→ About this task
Apart from the images, output the data below exactly.

→ Input data
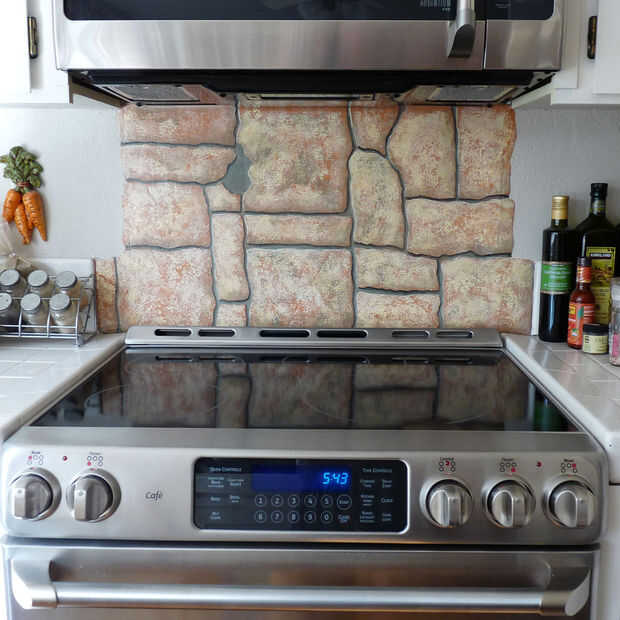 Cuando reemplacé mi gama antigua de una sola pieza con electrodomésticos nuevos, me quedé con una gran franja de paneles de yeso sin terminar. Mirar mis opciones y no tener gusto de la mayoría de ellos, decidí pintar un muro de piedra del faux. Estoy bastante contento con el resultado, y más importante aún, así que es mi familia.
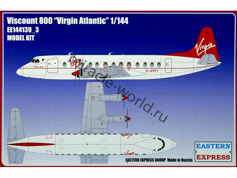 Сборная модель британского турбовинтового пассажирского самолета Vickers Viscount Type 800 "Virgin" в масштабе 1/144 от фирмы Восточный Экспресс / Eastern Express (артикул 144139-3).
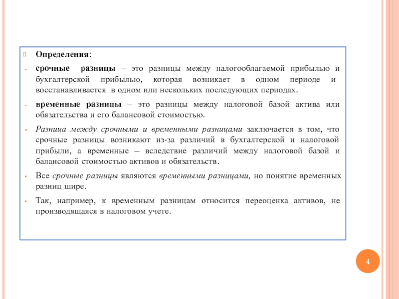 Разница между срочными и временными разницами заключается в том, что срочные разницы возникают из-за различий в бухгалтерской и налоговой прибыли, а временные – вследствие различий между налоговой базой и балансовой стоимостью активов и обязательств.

→ Task response
 Cuando reemplacé mi gama antigua de una sola pieza con electrodomésticos nuevos, me quedé con una gran franja de paneles de yeso sin terminar. Mirar mis opciones y no tener gusto de la mayoría de ellos, decidí pintar un muro de piedra del faux. Estoy bastante contento con el resultado, y más importante aún, así que es mi familia.
 Сборная модель британского турбовинтового пассажирского самолета Vickers Viscount Type 800 "Virgin" в масштабе 1/144 от фирмы Восточный Экспресс / Eastern Express (артикул 144139-3).
 Разница между срочными и временными разницами заключается в том, что срочные разницы возникают из-за различий в бухгалтерской и налоговой прибыли, а временные – вследствие различий между налоговой базой и балансовой стоимостью активов и обязательств.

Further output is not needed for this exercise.